The Easiest Way To Help Your Child Find The Perfect College
Before your child can get into college, they’ll have to pick one. And let’s face it, given all the steps that you and your child need to go through to get them into their dream school, choosing that school is the most fun.
There are thousands of colleges and universities to choose from and just as many ways to go about picking the right one, but at Parent 2 Parent College Network we think the easiest way is usually the best way. If you follow these simple steps, we believe your child will have the college experience you (and they) have always dreamed about.
For starters, does your child have a subject that they want to major in? If the answer is yes, and there is a course of study that they’d like to pursue, then start by researching 20 or so schools that have a good reputation in that area of study. The reason that you want the schools with the best reputation is because when you graduate, people in that field of study are going to be familiar with your school and that’s going to be the best way to get job interviews and internships. The school doesn’t have to be well known by people outside your area of study, but everyone who works in the field that you want to work in should be familiar with the school by name. Online research is the fastest and probably the most up-to-date way to get your information. Just make sure you use multiple sources and see most of these 20 schools on your list.
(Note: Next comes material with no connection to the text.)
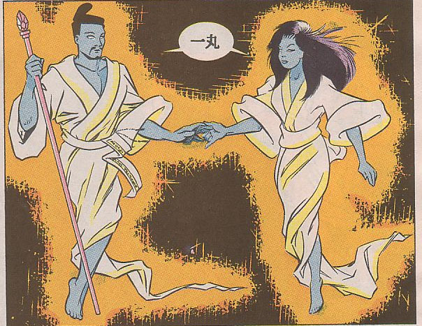 La légende japonaise racontée par Splinter est réelle. Izanagi et Izanami étaient des enfants des dieux. Après avoir créé la lune et le soleil, ils créèrent la première île du Japon, à l’aide d’une lance possédant des pierres précieuses en son extrémité. Ils s’y établirent et firent des enfants, allégorie des îles japonaises.

If your child doesn’t have a major in mind, don’t stress – most students don’t. In this case, you’re going to want to find a school that has a lot of different majors to choose from. You’re also going to want to choose a school with some name recognition. When your child graduates, their resume is going to be pretty thin and the thing that is going to stick out most is the name of the college they attended. The bigger the name, the better chance your child will have with getting interviews and internships. Find 20 schools with big names and lots of majors to offer.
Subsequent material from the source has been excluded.